Greenpeace: «Se avessimo investito massicciamente nelle fonti rinnovabili, oggi non rischieremmo una nuova crisi energetica»

[22 Gennaio 2024]

Il Consiglio Affari esteri dell’Unione europea sta discutendo oggi della possibilità di sostenere la missione militare navale Aspides nel Mar Rosso – con in prima fila Italia, Francia e Germania – per difendere i flussi commerciali nell’area dagli attacchi condotti dagli Houthi.

Dal Canale di Suez transita il 12% del commercio mondiale, mentre la quota dell’import-export marittimo italiano che attraversa questo stretto di mare è del 40%, per un totale di circa 154 miliardi di euro. La partita principale? Sono le fonti fossili, come evidenzia un’analisi diffusa oggi da Greenpeace.

«La missione militare europea a protezione della libertà di navigazione nel Mar Rosso discussa oggi dal Consiglio per gli Affari Esteri dell’Unione è l’ennesimo intervento armato del nostro Paese a tutela delle fonti fossili. La crisi in corso rivela il fallimento delle politiche di diversificazione avviate dal governo italiano sull’onda della guerra in Ucraina, che hanno continuato a puntare sul gas anziché sulle rinnovabili», afferma Alessandro Giannì, direttore delle Campagne di Greenpeace Italia.

Secondo i dati di FederPetroli, circa il 27% del nostro import di greggio transita dall’area interessata dal conflitto. Ancora maggiore la quota di gas naturale liquefatto (Gnl): dei circa 55 miliardi di metri cubi di gas importati dall’Italia nel 2023, 18-20 miliardi passano via nave per quella rotta, pari a circa il 34%. Insomma, circa un terzo del nostro approvvigionamento di gas e petrolio si trova oggi nel mirino degli Houthi.

E questo perché la “diversificazione” italiana in risposta all’invasione russa dell’Ucraina non ha puntato sulle energie rinnovabili, ma si è limitata a cambiare fornitore di gas e petrolio, ignorando i rischi ambientali e geopolitici connessi.
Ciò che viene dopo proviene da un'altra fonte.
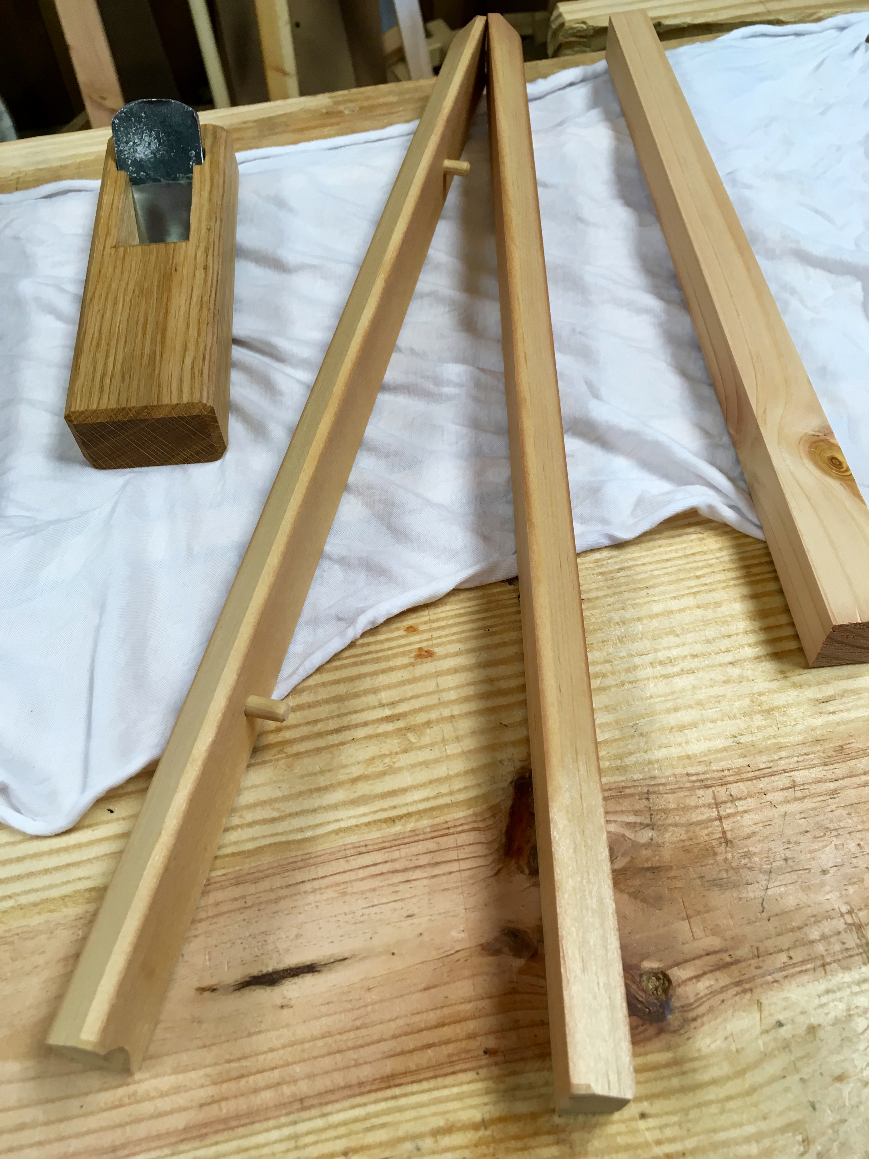 Ideally you need dry, stable wood for making the plane sole ruler.  So up into the magic attic I went and descended a few minutes later with a 3″ wide piece of straight-grained pine.  I then dressed and divided the board.  Drilled for dowel pins, they are glued into one piece and friction fit into the other.  Then I beveled the top edges and began the truing process.  Simple and cheap.

«Dal 2021, Greenpeace denuncia che circa il 64% della spesa per le missioni militari italiane è legato alla difesa di asset e rotte del petrolio e del gas, nonostante gli impegni per la decarbonizzazione annunciati dal nostro governo», continua Giannì: «Invece di lavorare per un futuro sostenibile, l’Italia ha puntato solo a fare scorta di gas e petrolio, senza preoccuparsi né dell’emergenza climatica in corso né dei rischi geopolitici in gioco. Se avessimo investito massicciamente nelle fonti rinnovabili, oggi non rischieremmo una nuova crisi energetica».